Miss Monk, I realized, had wandered off of her own accord. She now arrived at my elbow again wearing a look of puzzlement. “I can’t seem to find it here.”
“Find what, Miss Monk?”
“Her apron,” she replied, pointing. “She couldn’t rightly have worn it so. I’d not a’ been half surprised if it had a ruddy hole in it, but the ties have been cut clean through where the piece is missing. She’d have mended it, surely, or used the cloth for scrap.”
Major Smith advanced to see for himself. “You are entirely correct, Miss Monk. Constable Watkins,” he called out, “spread the word that a piece of apron has been taken from the body, most likely by the killer.” He then turned and engaged in a quiet, businesslike conversation with Inspector Lestrade.

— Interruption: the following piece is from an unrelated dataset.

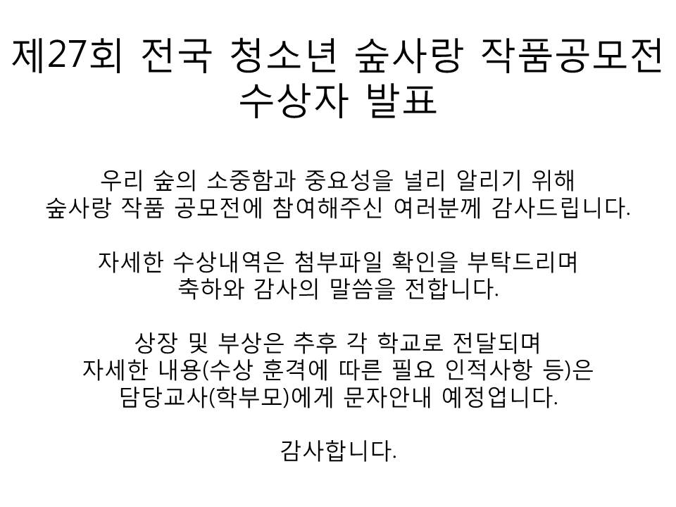 ⦁ 첨부파일 재27회 전국 청소년 숲사랑 작품공모전 입상자 명단.zip

It was by now past three a.m. I had neither the implements nor the right to begin the postmortem, and surely Holmes realized that I was no more capable of crawling about on my hands and knees scrutinizing cigar ash and footprints than I was of returning the stiffening corpse before me to life. The City Police had no doubt already completed their investigation, it seemed with scant enough results, and a crushing feeling of inferiority swept over me as I wondered whether they had missed the key to the entire matter, and if it were now my responsibility to find the piece of twig, scrap of paper, or smear of mud that would make all clear to Holmes.
Just as Miss Monk and I had resigned ourselves to the conclusion of a long and unspeakable night, we heard the heavy, thudding boots of a running policeman.
“There’s been a discovery, Major Smith!” he managed, his chest heaving. “That missing apron piece—a Metropolitan constable encountered it on his beat and told the Leman Street station, who wired Sir Charles Warren. Our man Daniel Halse is on the scene, sir, but the message is on Metropolitan ground. Goulston Street. Sir Charles wants it rubbed out!”
“What message, my good man? Pull yourself together.”
“Left by the murderer, sir. He used that scrap of apron to clean his knife. It was found on the ground beneath a note he’d scrawled on the wall.”
“By George—we must have a look at it at once.”
“Our men in Dorset Street have also found a clue, Major. There is a bloody basin where the killer may well have washed his hands.”
“Then I shall accompany you immediately to Dorset Street,” replied Major Henry Smith promptly. “Inspector Lestrade, we enter your territory as regards Goulston Street. If you would be so good as to take your companions and see what may be found there, communicating any fresh finds to our man Halse, I should be obliged to you. Dr. Watson, please convey my regards to Mr. Holmes,” he added as he turned abruptly and exited the square.
Lestrade’s close-set, ferretlike eyes glinted with the light of hope. “I’ll be damned if Sir Charles, Commissioner or no, destroys any evidence before I’ve had a look at it. And you, Doctor, shall take note as well. When he recovers, Sherlock Holmes will want to know of it, whatever it may be.”